Archiwum 13 grudnia 2003


gru 13 2003 PIERWSZY LIST DO OJCA
Komentarze: 2

Jestem Anna, Anna Folley. Dziś są moje pierwsze urodziny. Z tego okresu niestety niewiele pamiętam... to co wiem jest wspomnieniem opowiadań rodzinnych. Myślę, że i Ty także niewiele pamiętasz. Odkąd pamiętam nie mówiono o Tobie źle, ale pewne rzeczy, w które trudno było mi uwierzyć chowałam w sercu na dnie, wierząc, że któregoś dnia sama się o tym przekonam. Ponoć we wszystkim jest ziarenko prawdy, nawet w plotce. Ponoć wina zawsze leży po środku.

Gdy okazało się, że mam krzywicę  a pani doktor powiedziała, iż tylko mleko od krowy może mnie uratować, pomóc odzyskać zdrowie, w obecności mamy pokiwałeś głową, iż nie macie takiej możliwości, mimo, że Twoi rodzice mieli gospodarstwo, i nie stanowiłoby to żadnego problemu. Trzeba tylko chcieć pomóc. Staram się zrozumieć, co kierowało Tobą, iż wielokrotnie w przełomowych sytuacjach wycofywałeś się, uciekałeś od problemów czy postępowałeś na przekorę.

Gdy byłeś potrzebny mamie, zamiast wracać do domu znikałeś na kilka dni u swoich rodziców, a mama się zamartwiała.

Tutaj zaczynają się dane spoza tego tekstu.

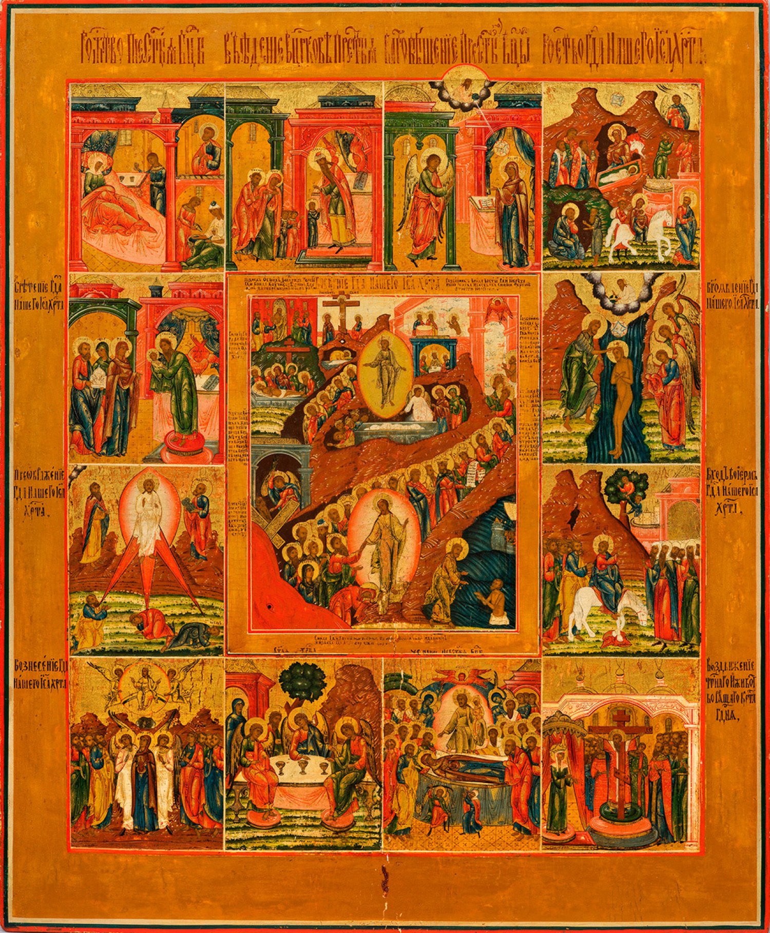 A very large Russian icon showing the descent to hell, the resurrection and twelve major lithurgical feasts. Tempera with gold on wood.
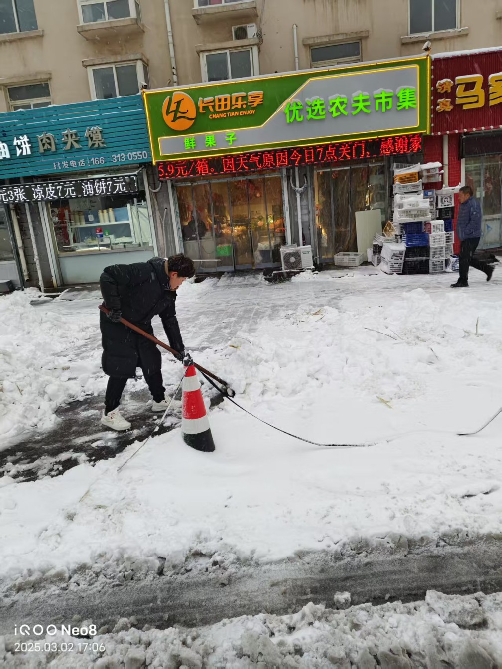 飛雪增寒意,清雪暖人心。3月2日,一場(chǎng)突如其來(lái)的春雪為大地披上了素白銀裝。鵝毛般的雪花紛紛揚(yáng)揚(yáng)下了一整天,道路上的積雪深達(dá)十余厘米,道路濕滑,臺(tái)階結(jié)冰,給出行埋下了安全隱患。面對(duì)極端天氣考驗(yàn),長(zhǎng)田實(shí)業(yè)各業(yè)態(tài)以“雪”為令,迅速響應(yīng),投入到這場(chǎng)與冰雪的“戰(zhàn)斗”中。大家不畏嚴(yán)寒,齊心協(xié)力用實(shí)際行動(dòng)展現(xiàn)長(zhǎng)田人的強(qiáng)大凝聚力和高效行動(dòng)力。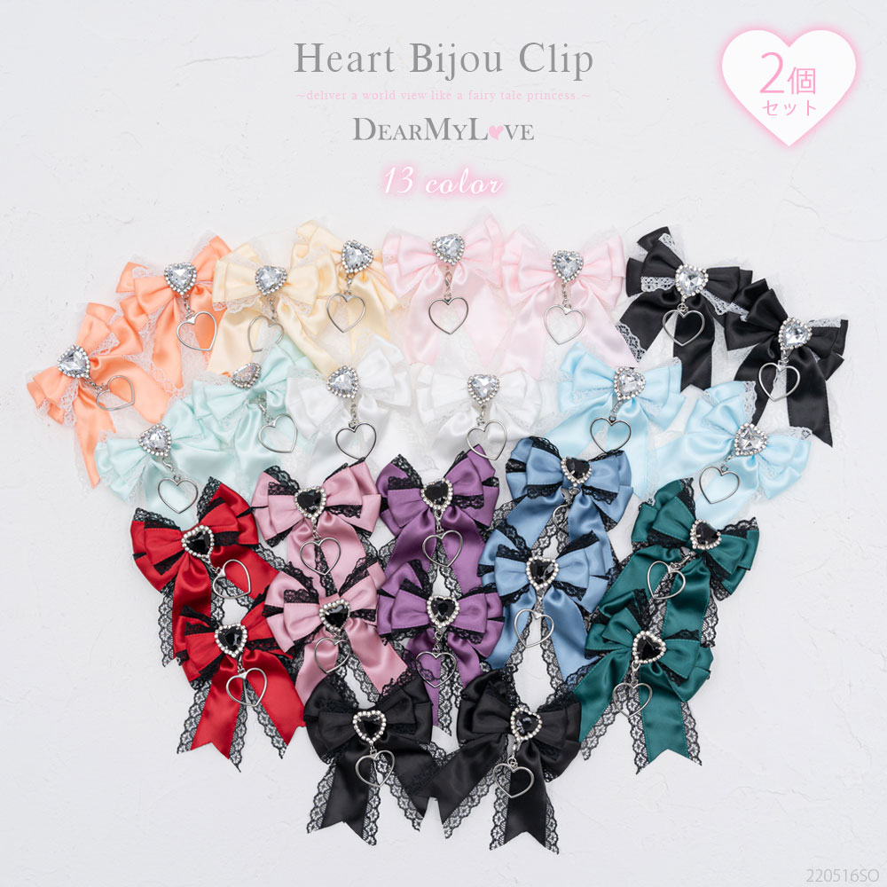 キラキラハートビジュー2個セットリボンクリップ レディース ファッション小物 アクセサリー ヘアアクセ ヘアクリップ リボン サテン レース ビジュー ハート レッド ピンク パープル ブルー グリーン ブラック オレンジ イエロー 推し 推し活 参戦服 夢展望 DearMyLove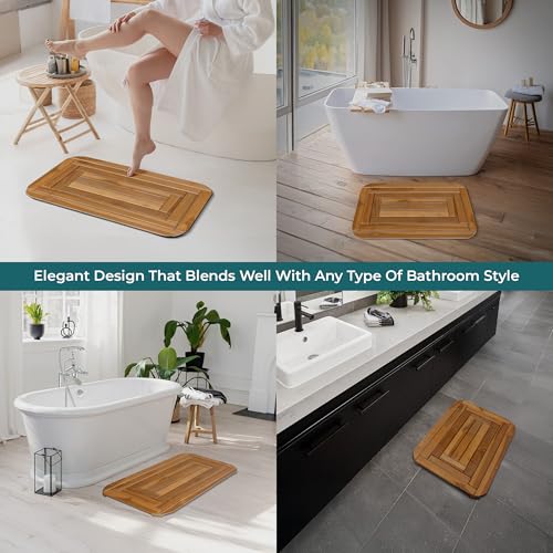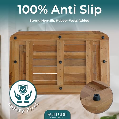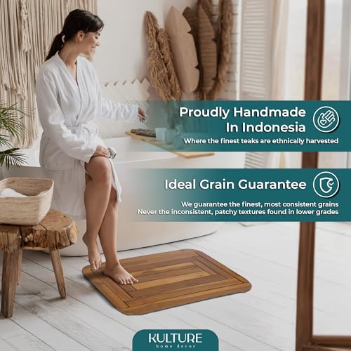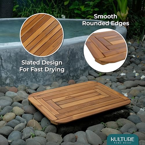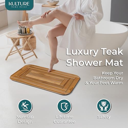 KultureDeco - سجادة دش من خشب الساج مقاس 7.62×50.8 سم، سجادة حمام خشبية كبيرة مقاومة للماء وغير قابلة للانزلاق، مخصصة لحوض الاستحمام والجاكوزي والسبا والساونا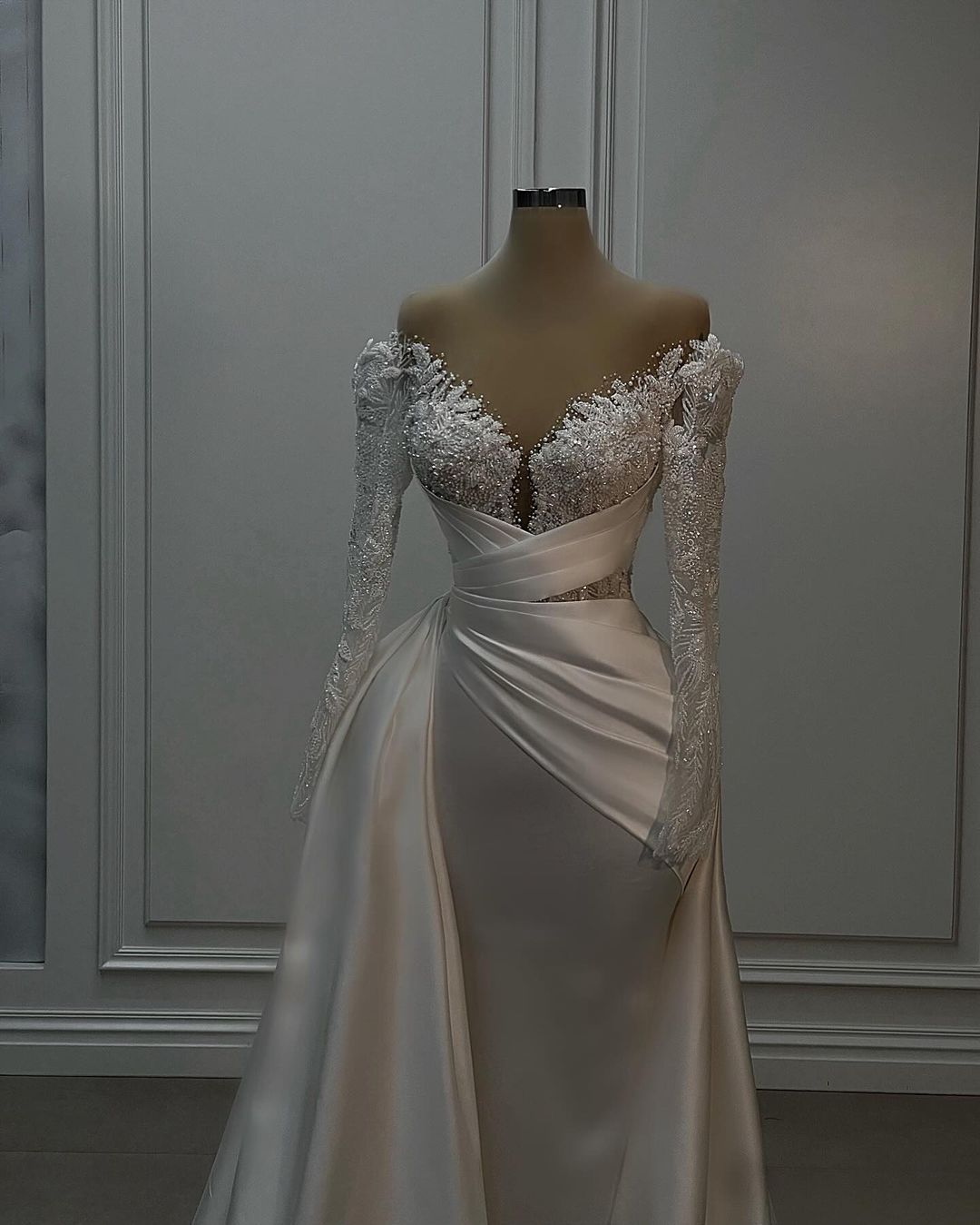 Wunderschönes langes weißes A-Linien-Brautkleid aus Spitzensatin mit langen Ärmeln

Ponoć to ja byłam dzieckiem, ale tak naprawdę to chyba Ty nigdy nie dorosłeś, Tato - duży- mały chłopiec oczekujący pochwały za to, że jest, za to, że raczył wrócić do domu, nie potrzebowałeś żony - partnerki, dzieci zaś postrzegałeś, jak egzotyczne zwierzątka, które czasem trzeba przewinąć, ale jak to zrobić, skoro nawet nie potrafiłeś wziąźć mnie na ręce.

Minął roczek, trochę wyrosłam... mam kępkę czarnych włosków na głowie... babcia i mama się cieszą, że krzywizna została zażegnana... trochę mnie rozpieściły karmiąc śmietaną, co się odbiło na zaokrąglonej buziuni i nóżkach. Ale jestem już prawie zdrowa...

Zaczynam gadulić w swoim języku, a dziadzio się cieszy... pierwszym słowem, które potrafię wymówić jest "dzia dzia" ... bierze mnie na kolana i podaje do rączki kacze udko... w jego oczach rozświetla się prawdziwa radość.